[Collection entries]

##########

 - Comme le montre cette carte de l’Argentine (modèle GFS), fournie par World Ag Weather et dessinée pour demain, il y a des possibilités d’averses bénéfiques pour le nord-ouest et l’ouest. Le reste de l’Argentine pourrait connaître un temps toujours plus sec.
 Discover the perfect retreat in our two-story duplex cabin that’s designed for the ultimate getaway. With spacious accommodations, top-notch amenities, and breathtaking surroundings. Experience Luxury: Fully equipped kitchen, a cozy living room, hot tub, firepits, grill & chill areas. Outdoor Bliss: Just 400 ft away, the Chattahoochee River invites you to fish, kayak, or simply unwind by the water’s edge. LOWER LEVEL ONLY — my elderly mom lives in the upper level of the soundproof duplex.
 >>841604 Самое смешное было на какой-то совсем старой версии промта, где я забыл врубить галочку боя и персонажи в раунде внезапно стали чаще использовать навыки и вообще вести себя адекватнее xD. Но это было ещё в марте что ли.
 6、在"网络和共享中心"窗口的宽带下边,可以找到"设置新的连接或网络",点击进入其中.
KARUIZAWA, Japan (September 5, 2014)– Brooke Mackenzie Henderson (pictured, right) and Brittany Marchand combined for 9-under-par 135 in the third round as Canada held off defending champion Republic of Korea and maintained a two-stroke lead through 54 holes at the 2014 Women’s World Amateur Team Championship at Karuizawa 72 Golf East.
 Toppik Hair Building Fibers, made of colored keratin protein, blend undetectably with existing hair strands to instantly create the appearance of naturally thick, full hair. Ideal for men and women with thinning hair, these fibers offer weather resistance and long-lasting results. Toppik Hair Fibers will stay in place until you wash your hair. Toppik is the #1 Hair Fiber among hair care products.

##########

- **Work to complete**
The answer must consist of every entry, set down exactly as given.

- **Answer to this problem**
 - Comme le montre cette carte de l’Argentine (modèle GFS), fournie par World Ag Weather et dessinée pour demain, il y a des possibilités d’averses bénéfiques pour le nord-ouest et l’ouest. Le reste de l’Argentine pourrait connaître un temps toujours plus sec.
 Discover the perfect retreat in our two-story duplex cabin that’s designed for the ultimate getaway. With spacious accommodations, top-notch amenities, and breathtaking surroundings. Experience Luxury: Fully equipped kitchen, a cozy living room, hot tub, firepits, grill & chill areas. Outdoor Bliss: Just 400 ft away, the Chattahoochee River invites you to fish, kayak, or simply unwind by the water’s edge. LOWER LEVEL ONLY — my elderly mom lives in the upper level of the soundproof duplex.
 >>841604 Самое смешное было на какой-то совсем старой версии промта, где я забыл врубить галочку боя и персонажи в раунде внезапно стали чаще использовать навыки и вообще вести себя адекватнее xD. Но это было ещё в марте что ли.
 6、在"网络和共享中心"窗口的宽带下边,可以找到"设置新的连接或网络",点击进入其中.
KARUIZAWA, Japan (September 5, 2014)– Brooke Mackenzie Henderson (pictured, right) and Brittany Marchand combined for 9-under-par 135 in the third round as Canada held off defending champion Republic of Korea and maintained a two-stroke lead through 54 holes at the 2014 Women’s World Amateur Team Championship at Karuizawa 72 Golf East.
 Toppik Hair Building Fibers, made of colored keratin protein, blend undetectably with existing hair strands to instantly create the appearance of naturally thick, full hair. Ideal for men and women with thinning hair, these fibers offer weather resistance and long-lasting results. Toppik Hair Fibers will stay in place until you wash your hair. Toppik is the #1 Hair Fiber among hair care products.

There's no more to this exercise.